--- THE RECORDS ---

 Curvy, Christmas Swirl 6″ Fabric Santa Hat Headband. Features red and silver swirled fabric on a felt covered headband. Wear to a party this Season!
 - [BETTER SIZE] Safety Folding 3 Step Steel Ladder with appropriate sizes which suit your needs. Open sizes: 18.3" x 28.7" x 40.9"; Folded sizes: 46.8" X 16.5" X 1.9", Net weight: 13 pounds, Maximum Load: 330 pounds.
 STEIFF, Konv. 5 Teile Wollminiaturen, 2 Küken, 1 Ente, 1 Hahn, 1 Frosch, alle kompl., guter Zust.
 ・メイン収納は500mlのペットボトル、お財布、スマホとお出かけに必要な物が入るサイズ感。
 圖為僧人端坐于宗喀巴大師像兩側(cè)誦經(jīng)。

---
--- THE RECORDS ---

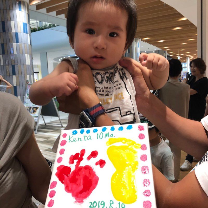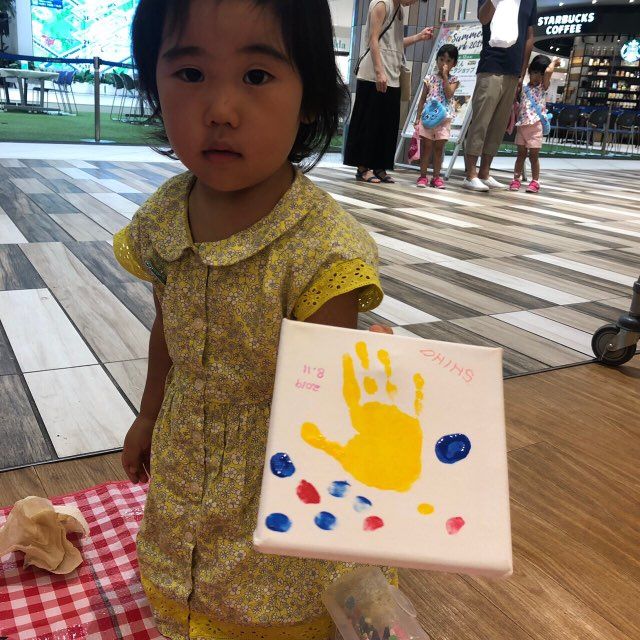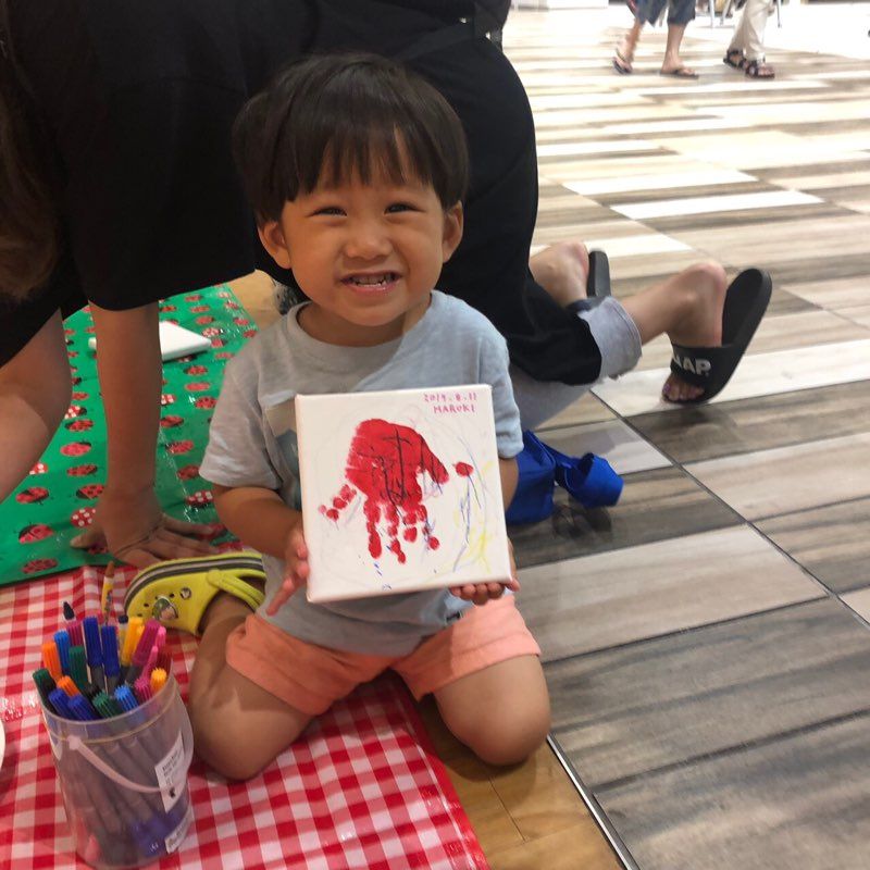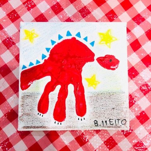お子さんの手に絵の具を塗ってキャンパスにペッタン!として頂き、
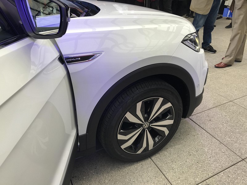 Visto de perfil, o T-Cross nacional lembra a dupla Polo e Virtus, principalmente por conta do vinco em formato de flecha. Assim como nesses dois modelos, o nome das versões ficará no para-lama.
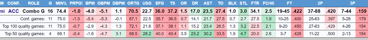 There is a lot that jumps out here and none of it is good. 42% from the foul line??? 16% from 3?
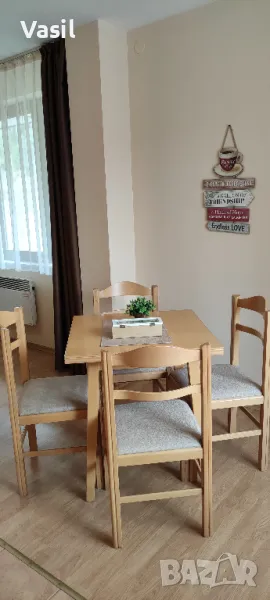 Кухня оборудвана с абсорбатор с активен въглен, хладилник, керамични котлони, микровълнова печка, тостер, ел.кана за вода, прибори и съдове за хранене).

---
--- THE RECORDS ---

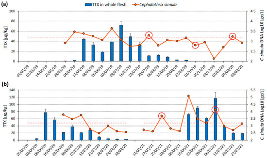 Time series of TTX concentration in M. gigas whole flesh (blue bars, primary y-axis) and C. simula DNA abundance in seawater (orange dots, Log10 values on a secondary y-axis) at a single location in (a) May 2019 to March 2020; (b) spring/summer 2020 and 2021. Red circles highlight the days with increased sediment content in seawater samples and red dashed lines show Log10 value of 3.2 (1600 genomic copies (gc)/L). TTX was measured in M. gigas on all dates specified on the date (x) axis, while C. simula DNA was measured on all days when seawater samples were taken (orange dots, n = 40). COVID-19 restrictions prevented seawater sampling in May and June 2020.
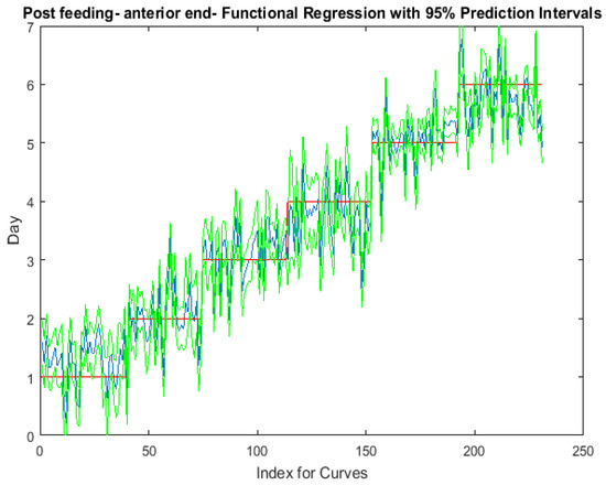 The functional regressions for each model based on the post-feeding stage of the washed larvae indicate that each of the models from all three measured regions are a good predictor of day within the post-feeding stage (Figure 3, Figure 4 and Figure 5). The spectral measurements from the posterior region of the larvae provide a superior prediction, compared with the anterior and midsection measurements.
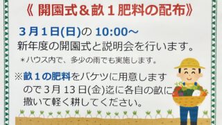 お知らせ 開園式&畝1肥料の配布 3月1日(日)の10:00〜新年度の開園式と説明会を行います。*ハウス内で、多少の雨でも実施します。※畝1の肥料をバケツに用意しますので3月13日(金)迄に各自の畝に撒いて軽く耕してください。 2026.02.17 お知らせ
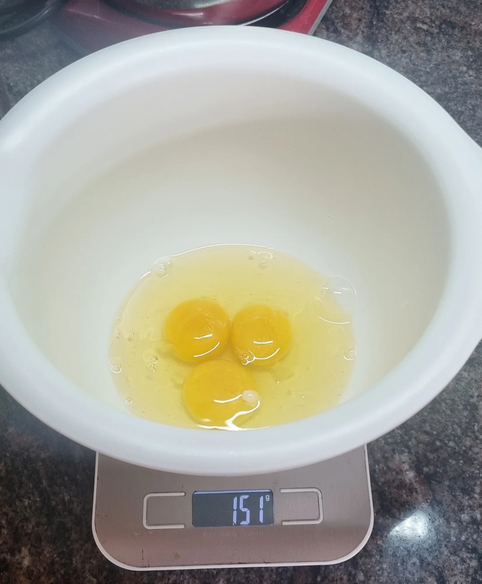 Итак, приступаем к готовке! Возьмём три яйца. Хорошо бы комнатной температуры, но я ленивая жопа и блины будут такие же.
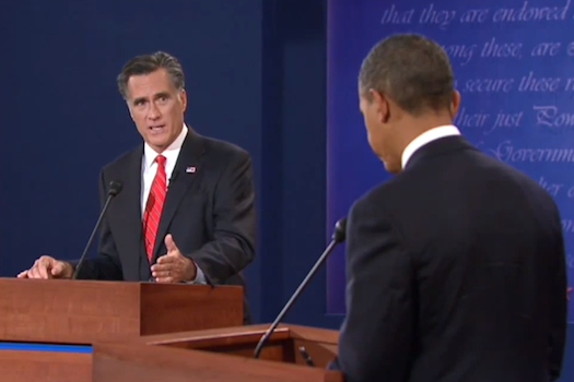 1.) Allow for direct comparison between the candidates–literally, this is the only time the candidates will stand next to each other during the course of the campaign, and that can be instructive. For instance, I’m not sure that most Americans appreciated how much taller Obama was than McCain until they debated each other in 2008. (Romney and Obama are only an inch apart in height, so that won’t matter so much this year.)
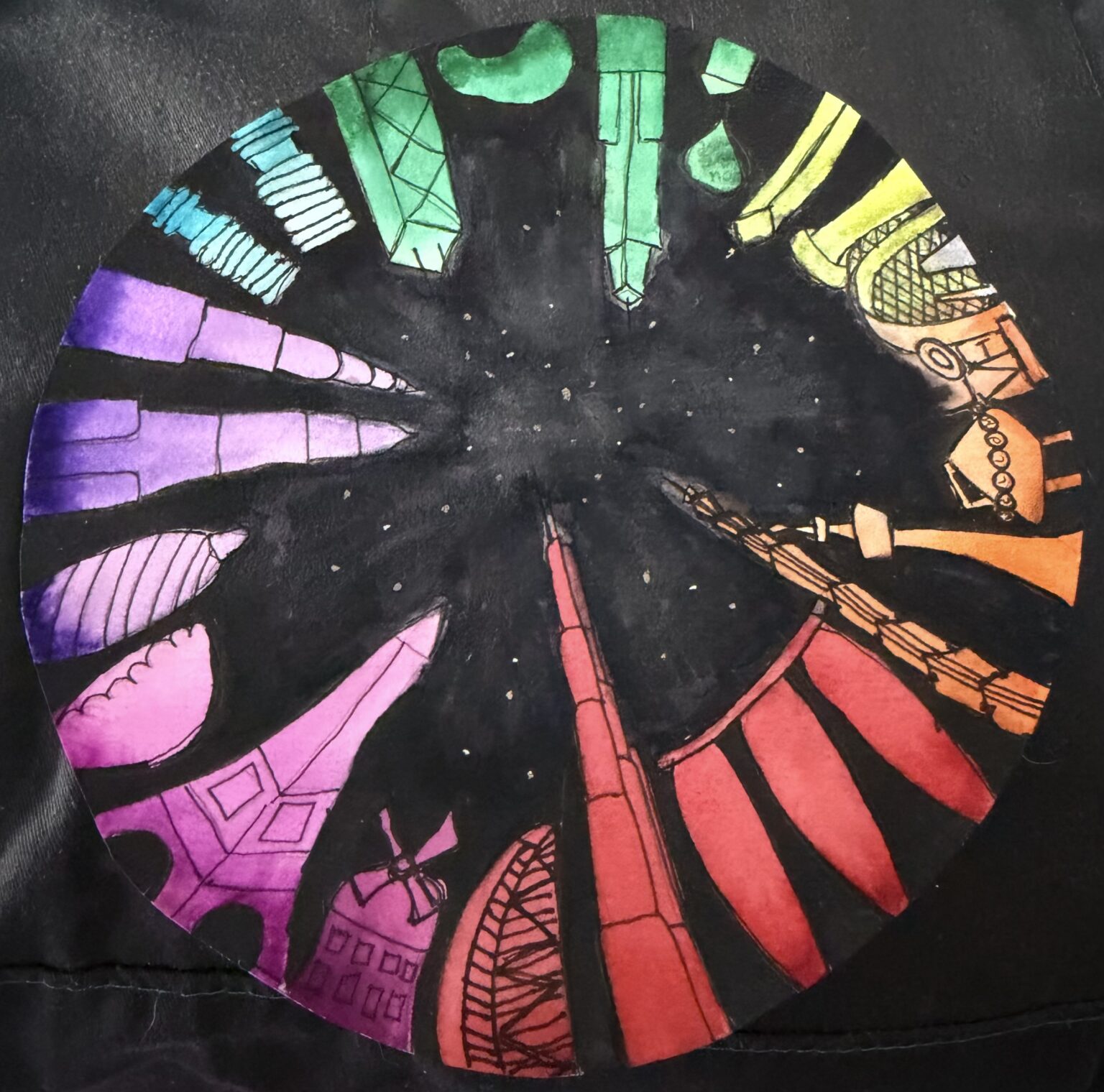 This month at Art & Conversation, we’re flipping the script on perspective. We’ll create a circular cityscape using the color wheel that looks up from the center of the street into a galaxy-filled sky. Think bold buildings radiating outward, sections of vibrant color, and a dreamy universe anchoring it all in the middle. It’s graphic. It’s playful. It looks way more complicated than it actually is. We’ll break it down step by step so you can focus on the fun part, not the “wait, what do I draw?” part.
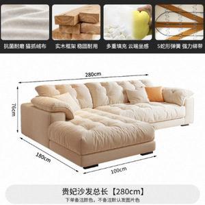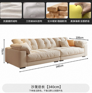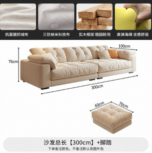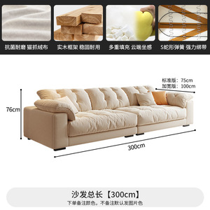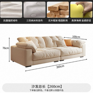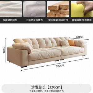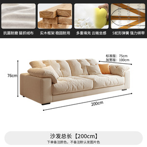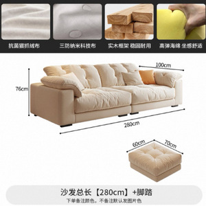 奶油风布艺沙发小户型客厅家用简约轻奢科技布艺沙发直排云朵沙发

---

• ACTIVITY:
Above are some records; quote exactly and only the lines that begin at the line containing "Time series of" and stop after the line containing "奶油风布艺沙发小户型客厅家用简约轻奢科技布艺沙发直排云朵沙发", leaving out the pictures.

• REPLY TO THE TASK:
 Time series of TTX concentration in M. gigas whole flesh (blue bars, primary y-axis) and C. simula DNA abundance in seawater (orange dots, Log10 values on a secondary y-axis) at a single location in (a) May 2019 to March 2020; (b) spring/summer 2020 and 2021. Red circles highlight the days with increased sediment content in seawater samples and red dashed lines show Log10 value of 3.2 (1600 genomic copies (gc)/L). TTX was measured in M. gigas on all dates specified on the date (x) axis, while C. simula DNA was measured on all days when seawater samples were taken (orange dots, n = 40). COVID-19 restrictions prevented seawater sampling in May and June 2020.
 The functional regressions for each model based on the post-feeding stage of the washed larvae indicate that each of the models from all three measured regions are a good predictor of day within the post-feeding stage (Figure 3, Figure 4 and Figure 5). The spectral measurements from the posterior region of the larvae provide a superior prediction, compared with the anterior and midsection measurements.
 お知らせ 開園式&畝1肥料の配布 3月1日(日)の10:00〜新年度の開園式と説明会を行います。*ハウス内で、多少の雨でも実施します。※畝1の肥料をバケツに用意しますので3月13日(金)迄に各自の畝に撒いて軽く耕してください。 2026.02.17 お知らせ
 Итак, приступаем к готовке! Возьмём три яйца. Хорошо бы комнатной температуры, но я ленивая жопа и блины будут такие же.
 1.) Allow for direct comparison between the candidates–literally, this is the only time the candidates will stand next to each other during the course of the campaign, and that can be instructive. For instance, I’m not sure that most Americans appreciated how much taller Obama was than McCain until they debated each other in 2008. (Romney and Obama are only an inch apart in height, so that won’t matter so much this year.)
 This month at Art & Conversation, we’re flipping the script on perspective. We’ll create a circular cityscape using the color wheel that looks up from the center of the street into a galaxy-filled sky. Think bold buildings radiating outward, sections of vibrant color, and a dreamy universe anchoring it all in the middle. It’s graphic. It’s playful. It looks way more complicated than it actually is. We’ll break it down step by step so you can focus on the fun part, not the “wait, what do I draw?” part.
 奶油风布艺沙发小户型客厅家用简约轻奢科技布艺沙发直排云朵沙发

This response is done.